Eva Gladys del Pilar Werner (born 11 October 1967) is an Ecuadorian-born Swedish singer and dancer. She is best known for being a member of the pop group Afro-dite, with which she represented Sweden in the Eurovision Song Contest 2002.

==Career==
Gladys mother noticed Gladys had an interest in music and made sure she attended a local music school.

She was asked to provide back-up vocals for Big Deal, a popular local rock band. Gladys and the sound engineer at Big Deal's recording studio formed the house music group Real Power. They soon became associated with the Nordik beat scene and signed to SweMix Records. ‘'Real Power'’ released the single "Trust" which received plenty of radio play. She provided back-up vocals for many Nordik beat/SweMix acts such as Kayo and DJ's.
Gladys began working with Denniz Pop and we wrote the single "Made Up My Mind" which became a huge hit and topped the charts. Dr. Alban was the same record label, and toured in Europe together with Gladys as a guest artist.

In 1992 she was named Best Newcomer at DJ Music Awards The following year she appeared on stage with ABBA-the True Story at Berns, and Fame at the China Theater.

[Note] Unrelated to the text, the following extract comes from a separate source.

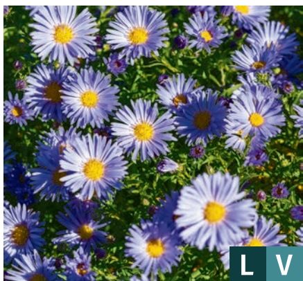
74026 | Mittelmeer Aster dumosus VIII:X →30 |25/30 ☀️ ❄️ 4 🌿

In 1994, Gladys was in Melodifestivalen, the Swedish pre-selection for Eurovision Song Contest and came in second with Det vackraste jag vet. The next year she performed as part of the cabaret Hot'n Tot up at Berns. It was Gladys, Blossom Tainton-Lindquist, Vivian Cardinal, and Francesca Quartey. The show was a success and they took the show o the road and toured Sweden. She and Blossom Tainton-Lindquist, would later collaborate on other projects.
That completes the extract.